▶ ASSIGNMENT: Return, without pictures, the lines from the start of the data through the one that contains "Men’s Mustard Yellow".

++++++

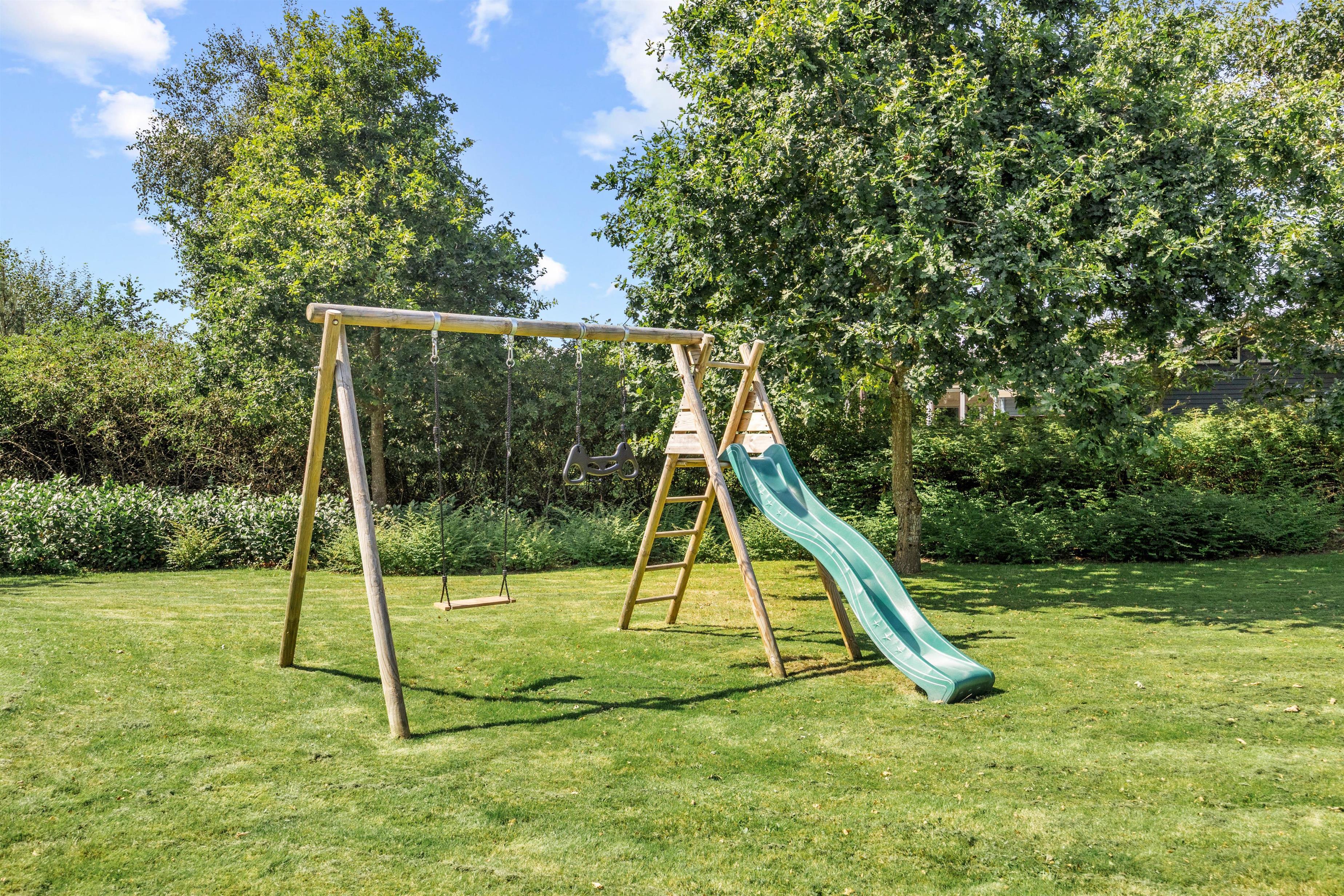 En indbydende plænegrund giver rig mulighed for leg og boldspil, hvor alle aldre kan være med. Til de små er der en sandkasse og et gyngestativ, der sikrer timevis af sjov.
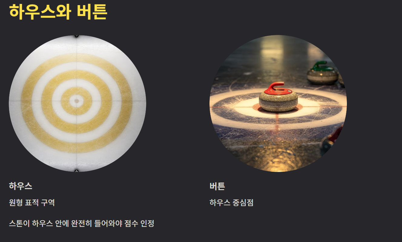 하우스는 원형 표적 구역이며 중심을 버튼이라 부릅니다. 스톤이 하우스 안에 완전히 들어와 있어야 점수 계산 대상이 됩니다. 라인에 걸친 경우 심판 판단이 적용됩니다.
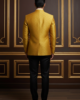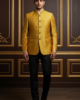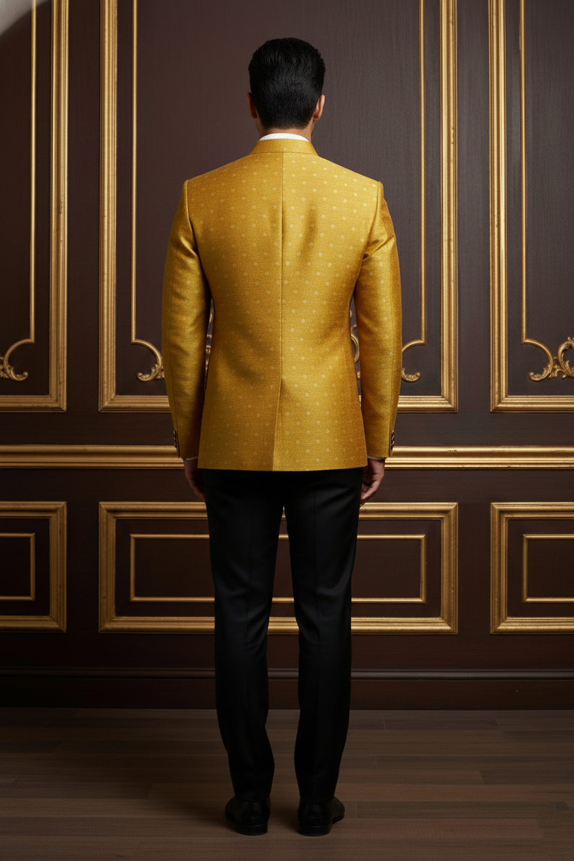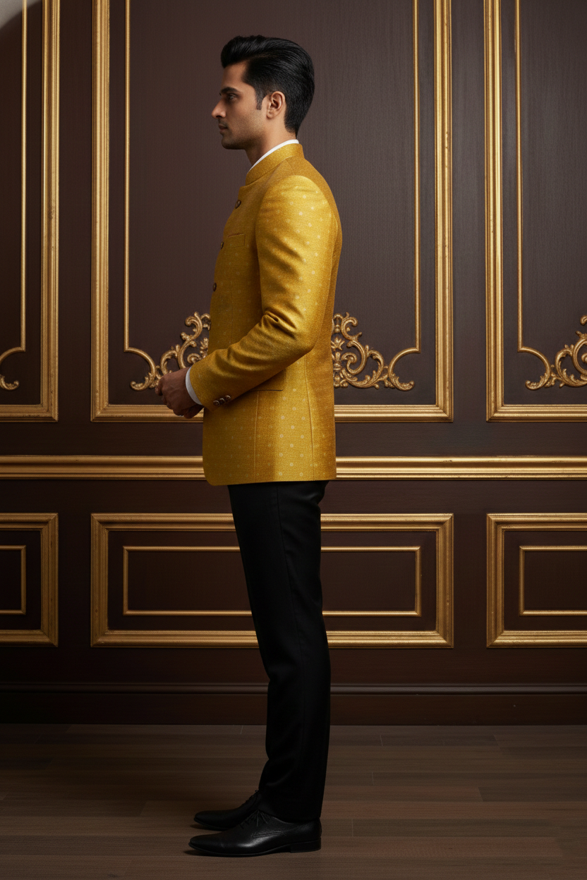 Men’s Mustard Yellow Woven Jacquard Bandhgala Blazer – Premium Silk Blend Ethnic Jodhpuri Suit
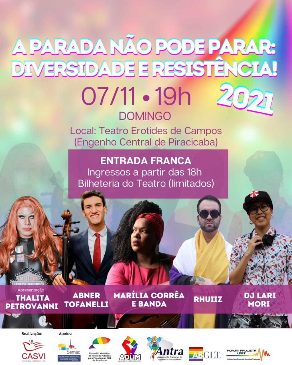 A realização deste evento é da ONG Casvi @ongcasvi, com produção de Anselmo Figueiredo @figueiredoanselmo, e apoio da Semac @semacpiracicaba, do Conselho Municipal de Políticas Públicas para População LGBTQIA+ de Piracicaba, Associação da Diversidade de Limeira (ADLIM), Associação Brasileira de Lésbicas, Gays, Bissexuais, Travestis e Transexuais - ABGLT @abglt.oficial Associação Nacional de Travestis e Transexuais @antra.oficial e Fórum Paulista LGBT.
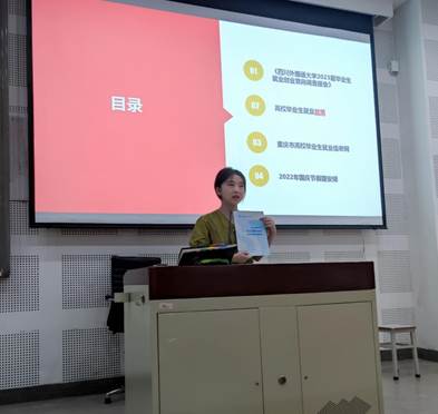 本科生就业动员会由2019级辅导员辅导员姚沁主持, 姚沁老师首先和同学们一起解读了《四川外国语大学2023届毕业生就业创业意向调查报告》,分析了目前国内升学环境竞争激烈的几点原因,就国家对大学生就业促进相关政策进行了分析和讲解,着重指出目前毕业生就业出现的“慢就业”、“缓就业”、“懒就业”等问题。最后,姚沁老师还给同学们介绍了“重庆高校毕业生就业信息网”平台的使用方法。鼓励同学们应认清自身优势,寻找合理定位,扬长避短,精准发力,及早确定就业方向,做好就业规划并积极付诸行动。
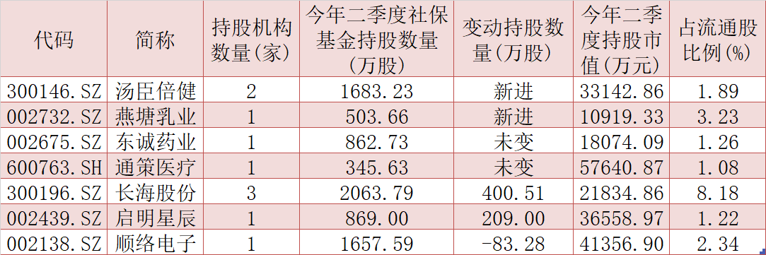 表:本周獲得機(jī)構(gòu)調(diào)研且今年二季度被社保基金持倉(cāng)的個(gè)股
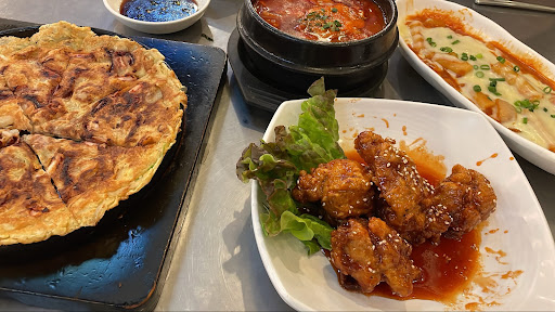 海鮮チヂミがめちゃくちゃおいしくて、オススメです!。他店のより私は好みです。 チーズトッポギもおいしいです。トッポギ、玉ねぎ、はんぺんのようなものが入っており、なかなかサイズ感も大きめです。 ヤンニョムチキンは、想像しているよりも多い量が来ます!!。 この量でこの金額!!と驚くくらいなのと、色々頼んだりすると、一つ一つのサイズがボリュームあるので、お腹パンパンになるかもしれません。 スンドゥブもよく食べるのですが、とっても美味しいです。 あとはマンゴージュースが美味しいのでいつも何杯ものんでしまいます!!!
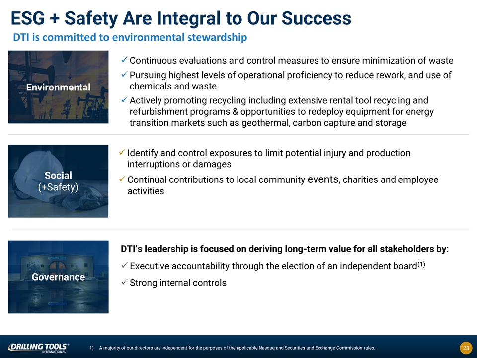 ESG + Safety Are Integral to Our Success DTI is committed to environmental stewardship ✓ Continuous evaluations and control measures to ensure minimization of waste ✓ Pursuing highest levels of operational proficiency to reduce rework, and use of chemicals and waste Environmental ✓ Actively promoting recycling including extensive rental tool recycling and refurbishment programs & opportunities to redeploy equipment for energy transition markets such as geothermal, carbon capture and storage ✓ Identify and control exposures to limit potential injury and production interruptions or damages Social ✓ Continual contributions to local community events, charities and employee (+Safety) activities DTI’s leadership is focused on deriving long-term value for all stakeholders by: (1) ✓ Executive accountability through the election of an independent board Governance ✓ Strong internal controls 1) A majority of our directors are independent for the purposes of the applicable Nasdaq and Securities and Exchange Commission rules. 23
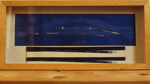 The photograph of musical staves shows this process, with the lens at the top right corner. Each of these burn prints involves chance; no print can ever be repeated exactly. Some of the prints are scanned into audio software to create random sound pieces, others as a metaphor for change and unpredictability.
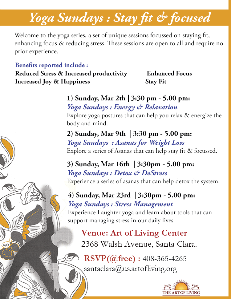 Yoga is very much essential to strengthen the body and relax the mind. It helps remove the restlessness in the body and enhances sleep. There are numerous other benefits of yoga. In this series of sessions, we focus on specific set of postures that help us achieve specific benefits.When: Every Sunday , Mar 2 | Mar 9 | Mar 17 | Mar 25 | 3:30 pm to 5 pm.
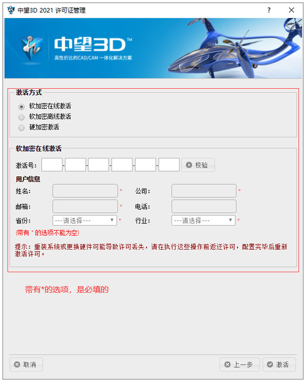 10、支持软加密在线激活、软加密离线激活和硬加密激活,输入激活码即可;

++++++

▶ WRITTEN SOLUTION:
 En indbydende plænegrund giver rig mulighed for leg og boldspil, hvor alle aldre kan være med. Til de små er der en sandkasse og et gyngestativ, der sikrer timevis af sjov.
 하우스는 원형 표적 구역이며 중심을 버튼이라 부릅니다. 스톤이 하우스 안에 완전히 들어와 있어야 점수 계산 대상이 됩니다. 라인에 걸친 경우 심판 판단이 적용됩니다.
 Men’s Mustard Yellow Woven Jacquard Bandhgala Blazer – Premium Silk Blend Ethnic Jodhpuri Suit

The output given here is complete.